Do you mean #include "streamio.h" ?

-Rob


----------



## rako (Jul 27, 2001)

Hi - In my book it says to include iostream.h.

Sorry if I am missing something really obvious.

btw, the code works in project builder (C++ Tool) but i would like to stay in the terminal.


----------



## kilowatt (Jul 27, 2001)

I'm not much of a programmer, but maybe #include stdio.h would work.


----------



## blb (Jul 27, 2001)

The following C++ code compiles and works without error for me:

#include &lt;iostream.h&gt;

int main( void )
{
   cout << "Just a C++ test" << endl;

   return 0;
}

(into a file test.cpp), then to compile,

$ c++ -o test test.cpp

and run,

$ ./test
Just a C++ test


----------



## MikeySquid (Aug 7, 2001)

On OSX using g++ (gcc) you have to put an endl; after every write in order to flush the buffers. Your iostream.h is fine. you just have to do an endl. You can copy and paste the code from you book into your program, just terminate all output,  whether to a file or stdio, with endl; I did some fairly major programs for my data structures class in school using this technique and everything worked fine.

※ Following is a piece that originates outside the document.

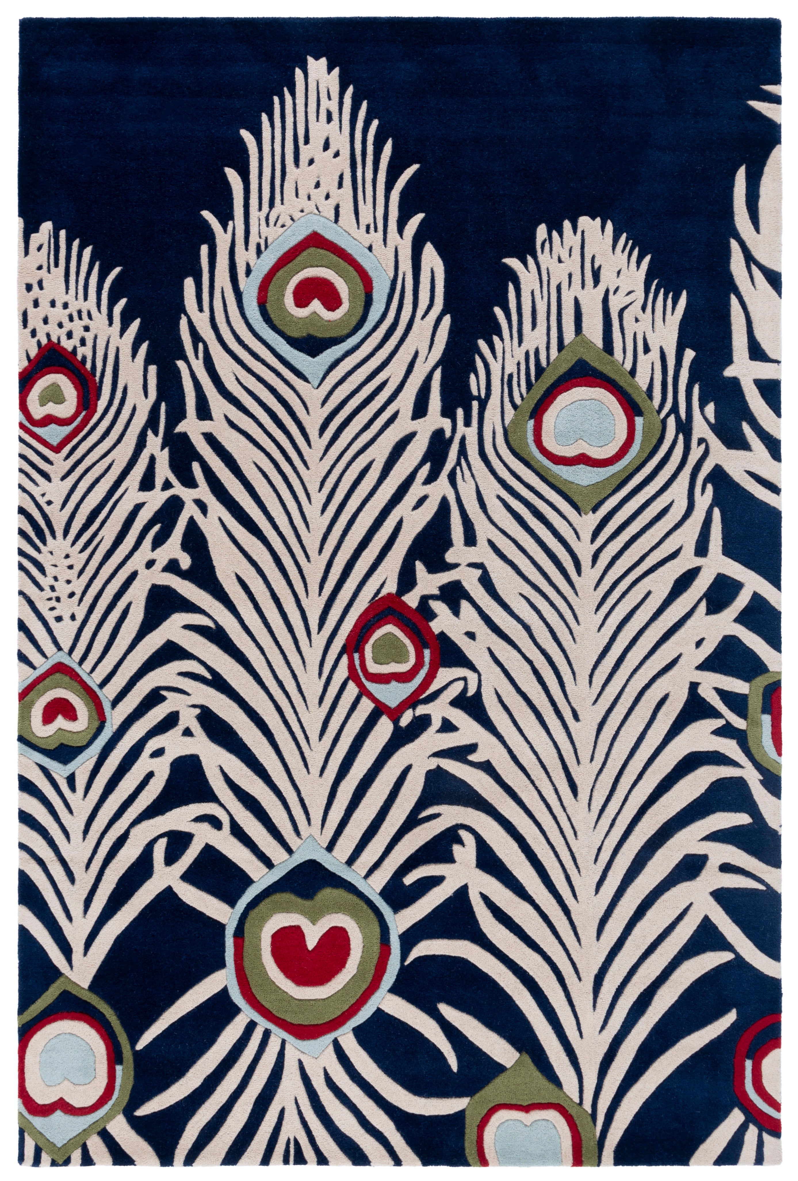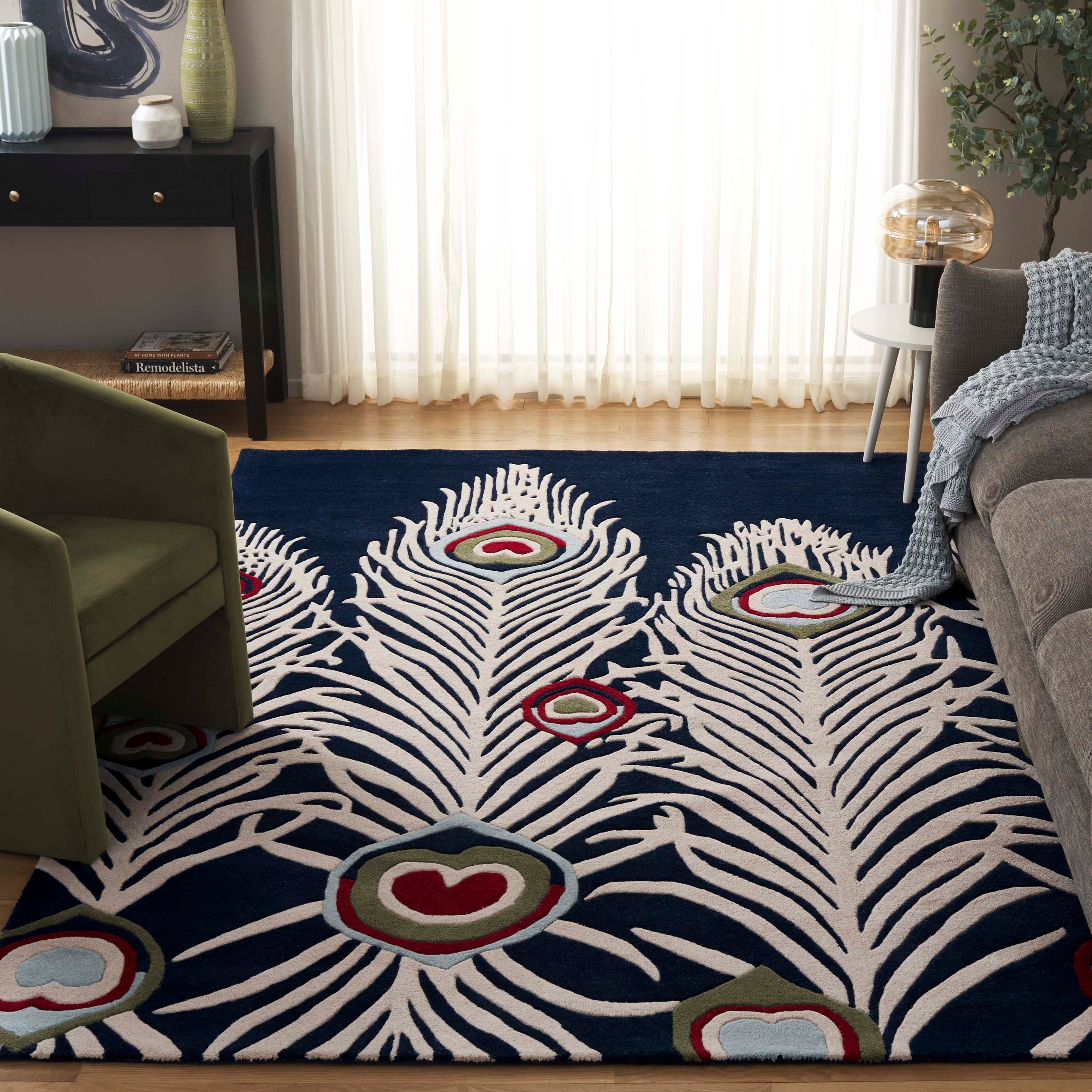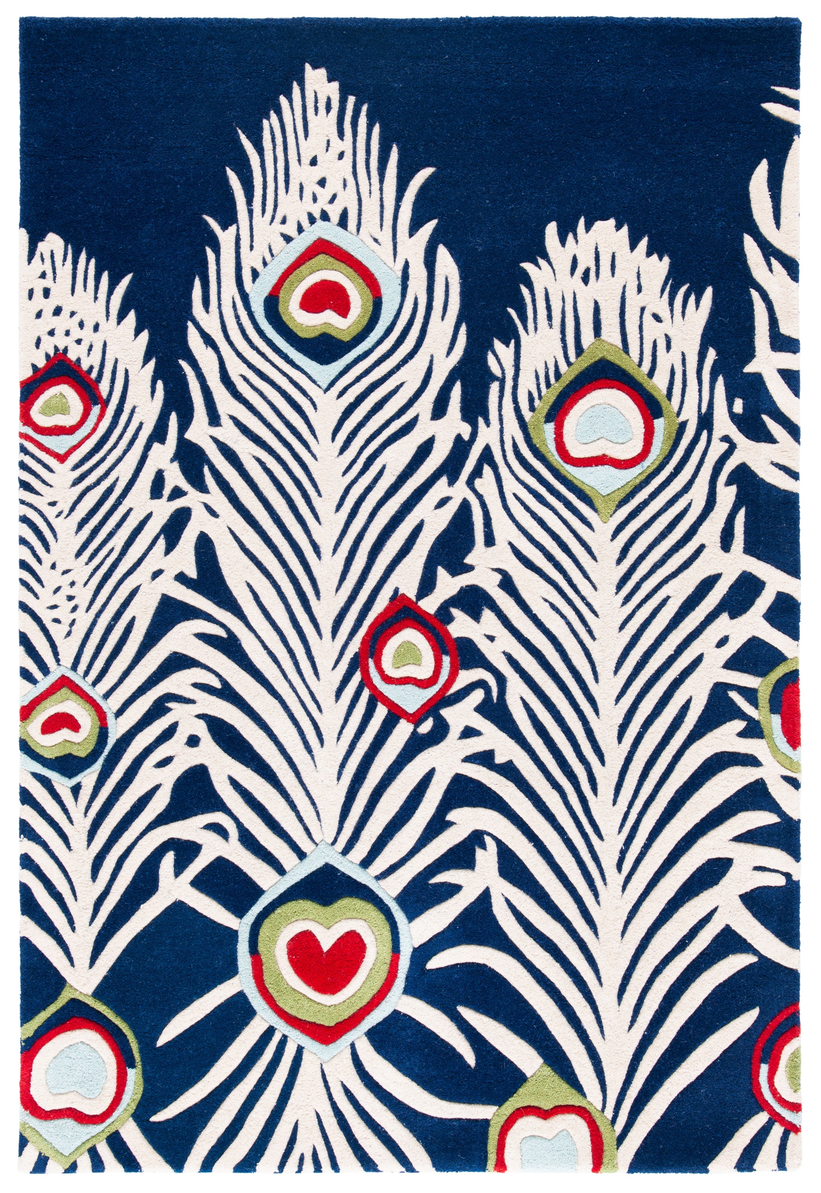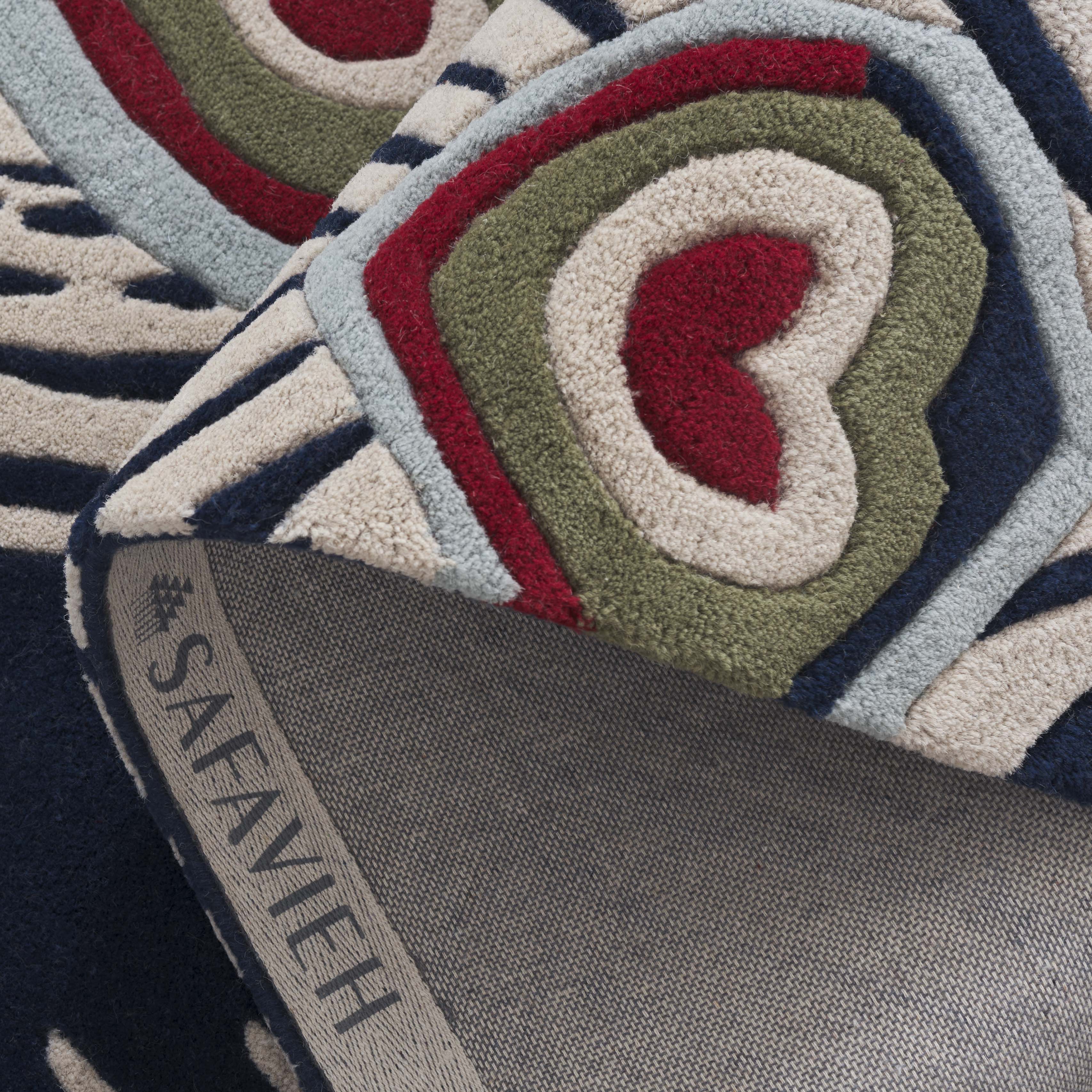 This hand-tufted treasure is meticulously crafted from a sumptuous blend of wool and viscose, offering both durability and a luxurious feel underfoot. The deep blue and ivory hues make for a stunning canvas, brought to life with a vibrant pattern that features whimsical feather-like motifs and playful geometric shapes with heart accents, suggesting a fusion of nature-inspired elements and modern design sensibilities. Its plush height adds a layer of comfort that invites you to step on and enjoy the softness. Perfect for adding a touch of elegance to any small space, this rug is a blend of tradition and contemporary style that will enhance your home decor.

btw: stdio is for c and works with printf. iostream.h is c++ and works with cout.


----------



## kilowatt (Aug 11, 2001)

LOL

It doesn't surprise me about the silly ness in my stdio post... it should clearly point the finger at my BASIC, Perl, and Python skills....... or inexperience, if you want to be more specific.

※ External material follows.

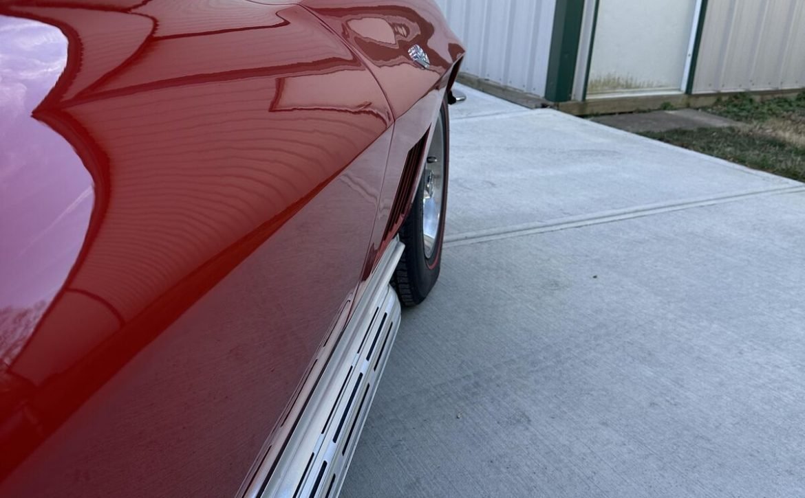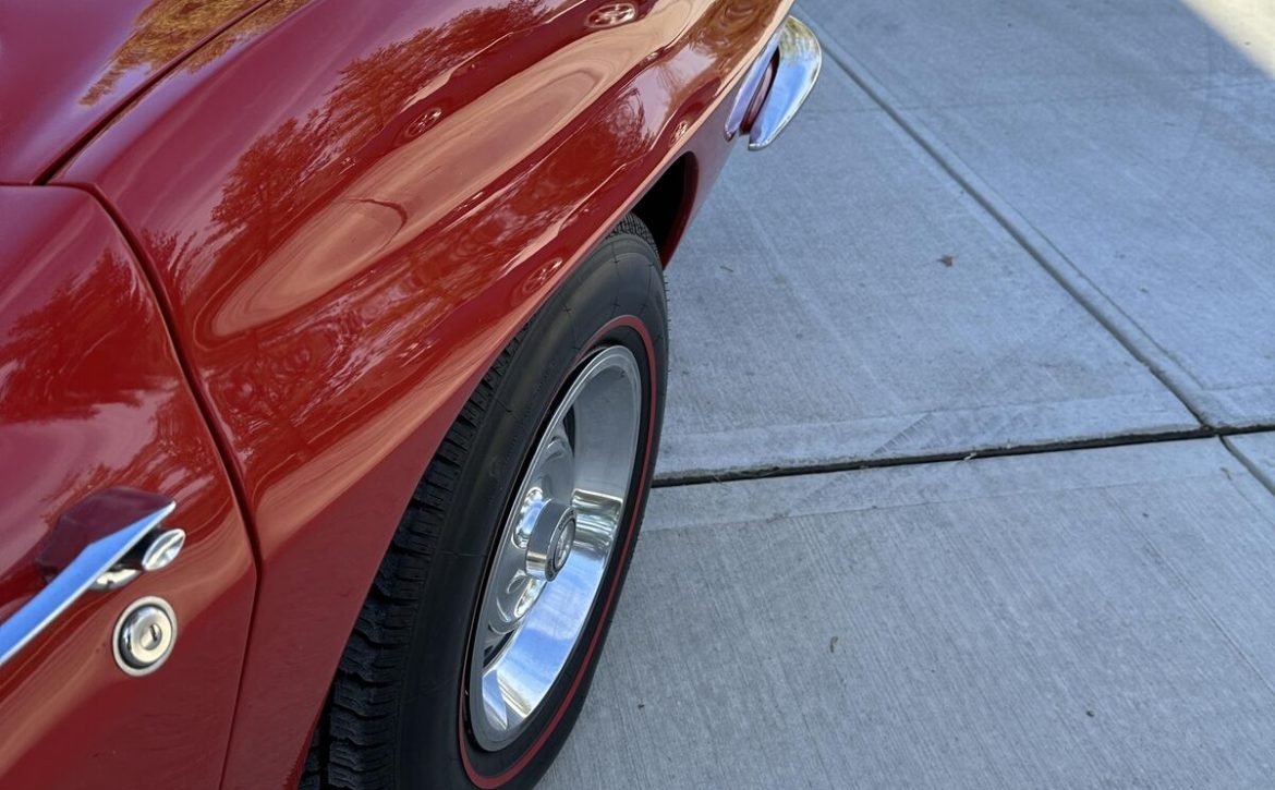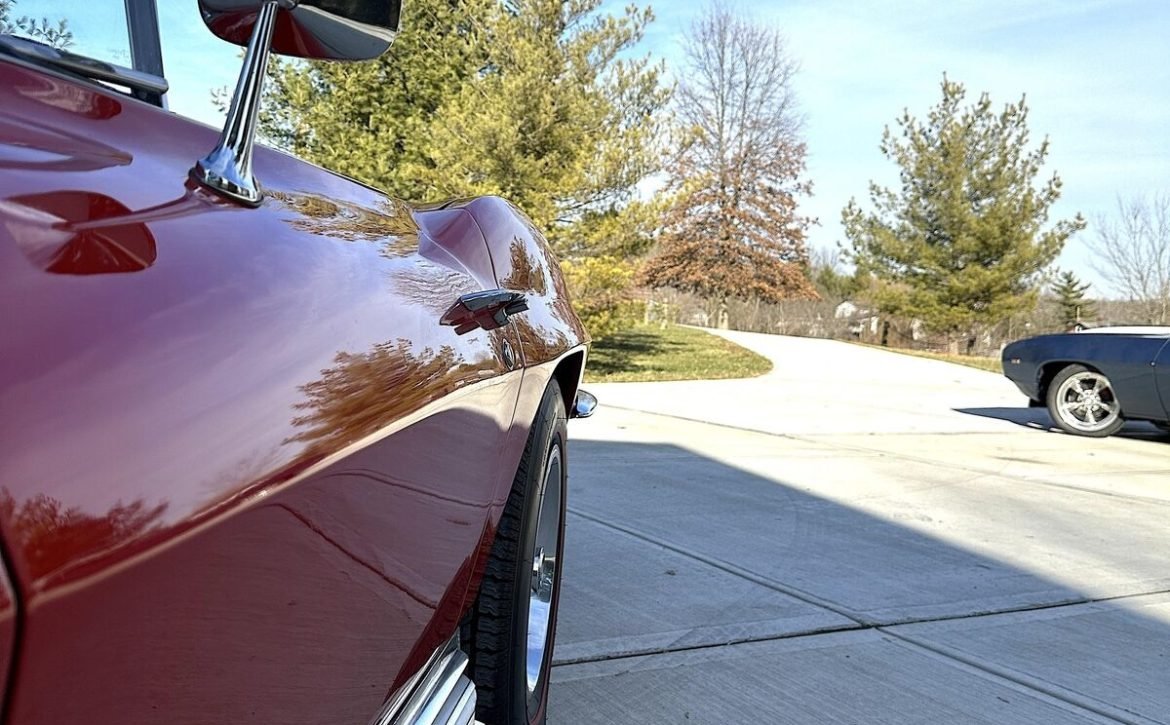 - Exterior: New, high-quality Riverside Red paint that has been buffed to a mirror-like shine. The paint is deep and radiant, enhancing the car’s classic appeal.

Would anyone mind clue ing me in as to the differences between c++ and c?

Most threads avoid the topic completely. 

Thanks!


----------



## MikeySquid (Aug 11, 2001)

Every one learns this somewhere along the line. There is no fundamental difference between c and c++. C++ is an enhancement to c. I'm not that knowledgeable about c so i apologize in advance for my errors. 

You want to output something to the screen, so you write "cout<<"Hello World";". When you compile the  code the compiler "parses" the line and knows that the first "word" is an instruction because that is the convention. The compiler then looks to it's internal library of instructions on how to do a cout. The definition of cout is in the iostream.h file. that is why you have to include it. If you do not #include iostream.h the compiler doesn't know what cout means. the definition of printf is in the stdio.h file. One reason that they redefined output in c++ is so that you can use the same "definition" and the same syntax no matter the output method. In other words to output to the screen "cout<<"Hello world"; to output to a file "AFile<<"Hello World"; They just gave outputting a common user (programmer) experience which simplifies it. That is all. Hope this helps and good luck.


----------



## mkwan (Aug 18, 2001)

this may look like a stupid question, but how do i compile and run the c++ source code through terminal?



mkwan 

iBook 500


----------



## mkwan (Aug 18, 2001)

sorry....didn't see the replies


mkwan 


iBook 500


----------